Crise écologique ensuite. Les mouvements
déstabilisants des prix des denrées agricoles ou du
pétrole sont dus à la spéculation à court et moyen
terme, mais aussi à des tendances de long terme de
raréfaction des ressources naturelles et de réduction
des terres arables pour l’alimentation. La quadruple
crise du climat, de la biodiversité, de la déforestation
et de l’eau ne cesse de s’amplifier.
Les inégalités environnementales et les inégalités
sociales se cumulent : 20 % de la population mondiale
utilise 80 % des ressources naturelles. Les émissions
de CO2 par habitant aux Etats-Unis sont douze fois
supérieures à ce qu’elles devraient être pour atteindre
un niveau mondial équitable et durable. Les
populations les plus fragiles seront et sont déjà les
premières victimes des dégradations de
l’environnement. Selon les institutions internationales,
230 millions de personnes subiront des migrations
forcées d’ici 2050 du fait du réchauffement climatique
essentiellement provoqué par la « croissance à tout
prix » des pays riches.
Dans ces conditions, conserver les yeux rivés sur le
PIB et sur sa croissance est le plus sûr moyen
d’enchaîner les crises et d’en accentuer les effets. Si
la crise actuelle est bien la conjonction de phénomènes
multidimensionnels et interdépendants, les indicateurs
les plus pertinents comme repères de sortie de crise
doivent accorder au moins autant de poids à la
réduction des inégalités, de l’insécurité sociale et de la
pression écologique qu’à l’économie et à l’emploi.
S’agissant de l’emploi, la question ne devrait plus se
résumer à : « quelle croissance du PIB pour créer des
emplois ? ». Elle devrait devenir : « quels objectifs de
bien-être durable et de cohésion sociale promouvoir et
quels emplois décents et utiles pour y parvenir ? »

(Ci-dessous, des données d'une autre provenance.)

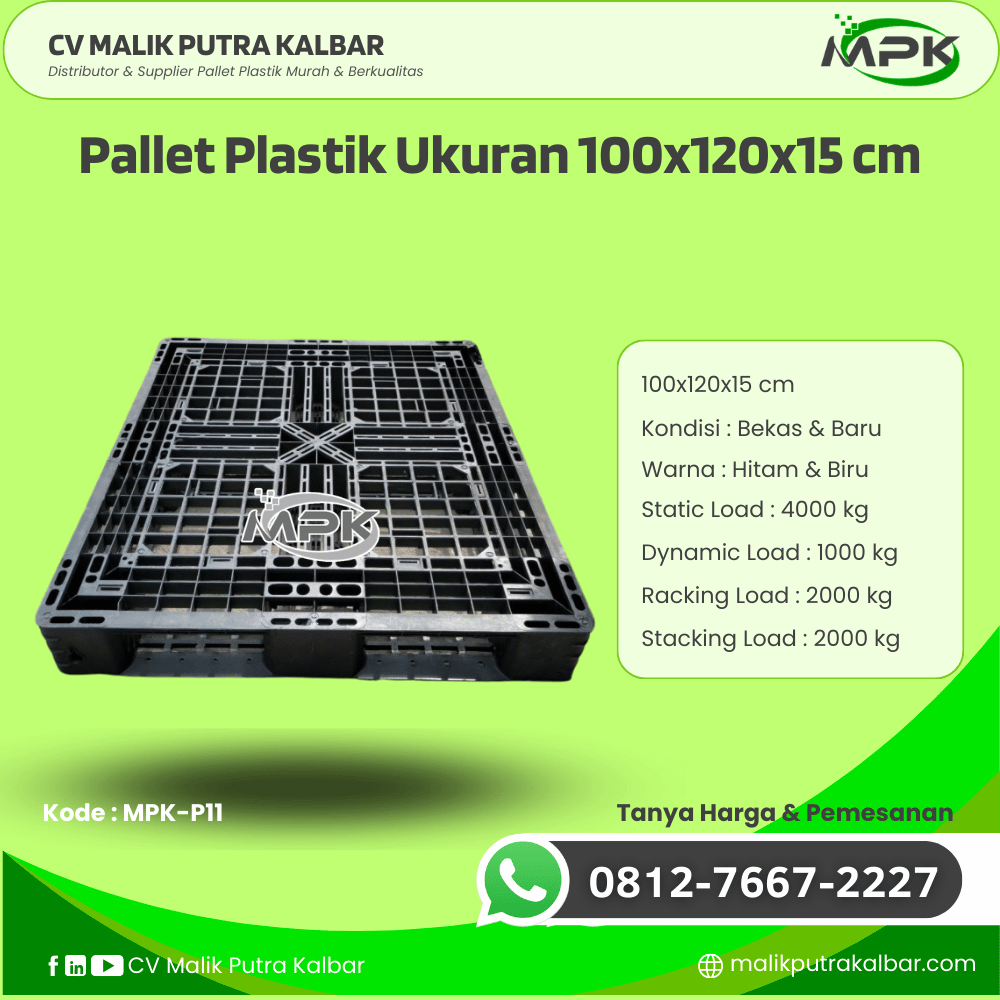 Dalam kegiatan operasional logistik dan distribusi, efisiensi dan keandalan adalah dua faktor utama yang menentukan kelancaran proses bisnis. Menjawab kebutuhan akan media penyimpanan dan pengangkutan yang tangguh, tahan lama, dan ekonomis, CV Malik Putra Kalbar menghadirkan produk unggulan kami: Pallet Plastik Bekas/Baru Ukuran 100x120x15 cm dengan Kode Produk MPK-P11.

Aujourd’hui, au moins dans certaines régions du
monde, le véritable risque n’est pas de manquer de
biens et services. Il est que la société dans laquelle
nous vivons devienne moins vivable parce que ce que
l’on considérait jusqu’alors comme un cadre
d’évidence ou une ressource gratuite
(l’environnement, le lien social…) s’avère fragile et
susceptible de dégradation voire de disparition.
De nouveaux indicateurs et de nouveaux systèmes
comptables constituent une urgence pour construire
une réponse systémique à cette crise elle-même
systémique. Ils nous serviraient de repères pour de
nouvelles politiques et de base pour des délibérations
collectives dont l'intensité constituerait l’un des
éléments clé de la vitalité des sociétés.
Contribution du collectif FAIR
Article mis en ligne le 22 janvier 2009 sur le site du
FAIR (Forum pour d'autres indicateurs de richesse).
Lexique :
« les subprimes » : crise des prêts hypothécaires à risque (les fameux subprimes) aux État-Unis en 2006, qui a contribué
au déclenchement de la crise financière mondiale de 2008.